Resolving the molecular architecture of the photoreceptor active zone by MINFLUX nanoscopy


Grabner CP, Jansen I, Neef J, Weiss T, Schmidt R, Riedel D, Wurm CA, Moser T




bioRxiv 2021.05.28.446138.


Cells assemble macromolecular complexes into scaffoldings that serve as substrates for catalytic processes. Years of molecular neurobiology indicate that neurotransmission depends on such optimization strategies, yet the molecular topography of the presynaptic Active Zone (AZ) where transmitter is released upon synaptic vesicle (SV) fusion remains to be visualized.

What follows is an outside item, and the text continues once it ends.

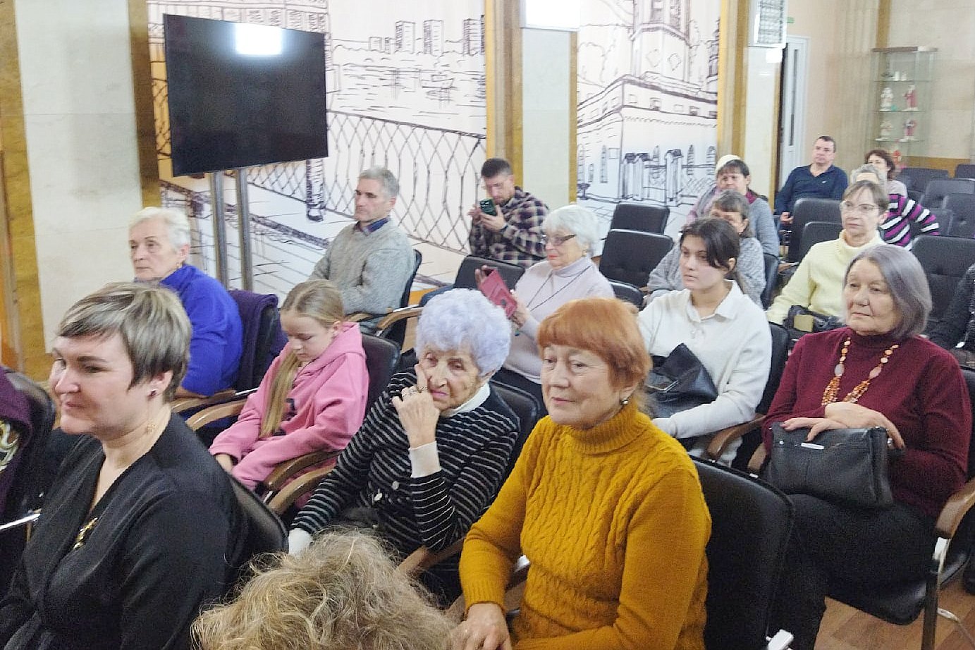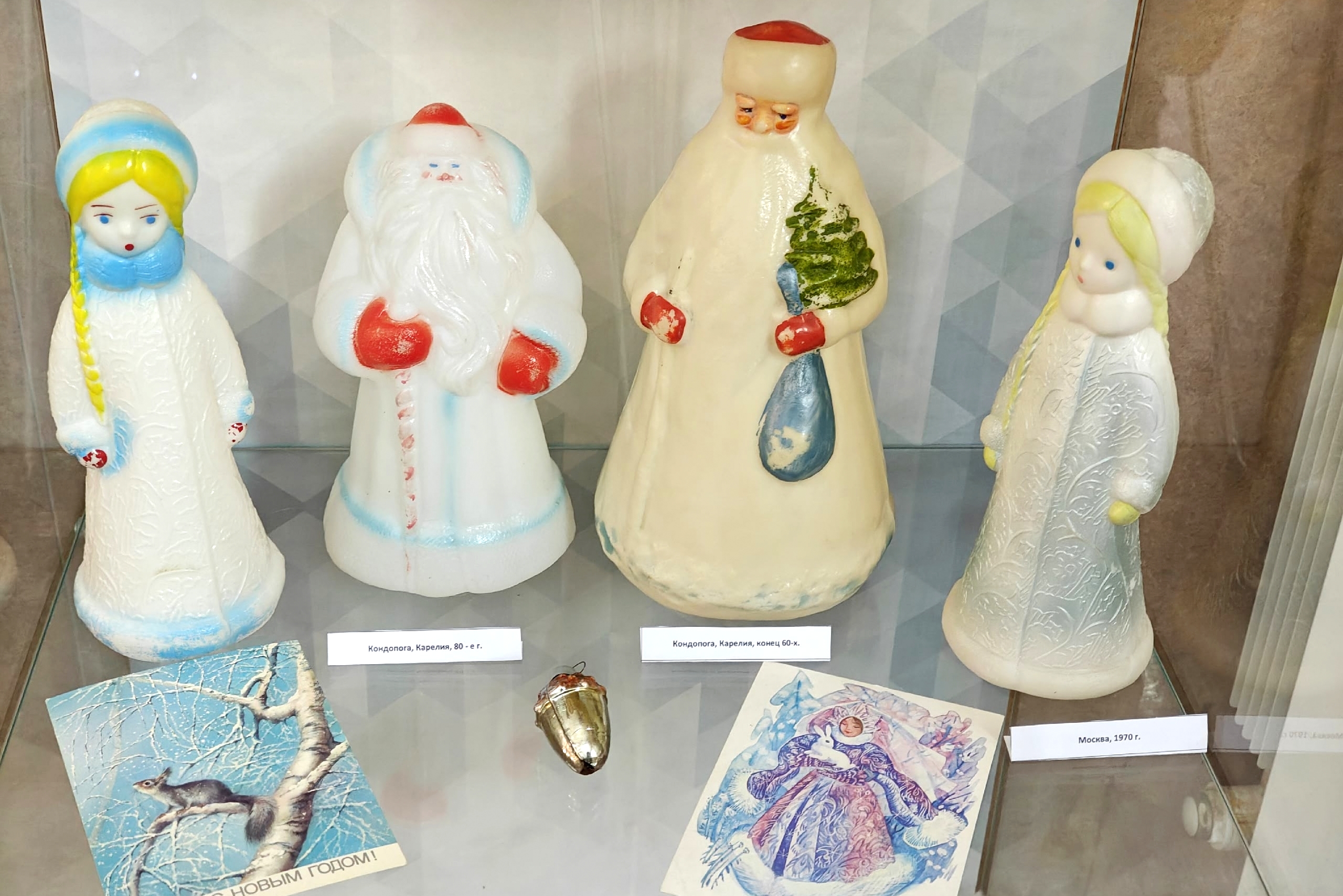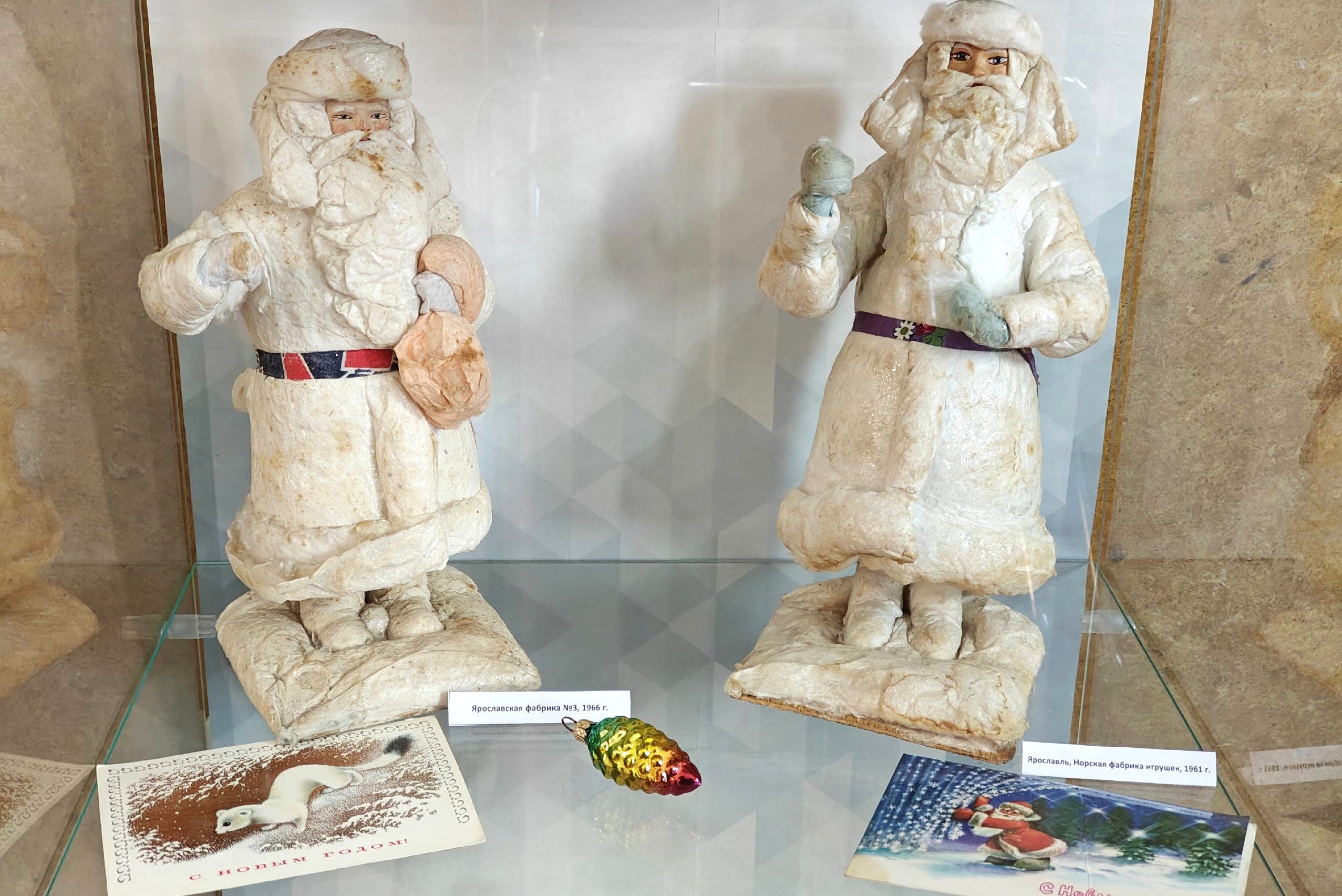 Встреча проходила в зале, где в витринах были представлены Деды Морозы и Снегурочки из коллекции Е. В. Найденовой.

Therefore, we implemented MINFLUX optical nanoscopy to resolve the AZ of rod photoreceptors. To facilitate MINFLUX nanoscopy of the AZ, we developed and verified an immobilization technique, we name Heat Assisted Rapid Dehydration (HARD). Here fresh retinal slices are directly stamped onto glass coverslips yielding a single layer of rod AZs. These AZs exhibited excellent labeling efficiency and minimal signal redundancy in the Z-direction. Our data indicate that the SV release site is a molecular complex of bassoon-Rab3-binding molecule 2 (RIM2)-ubMunc13-2-CAST. The complexes are serially duplicated longitudinally, and reflected in register along the axis of symmetry of the synaptic ribbon.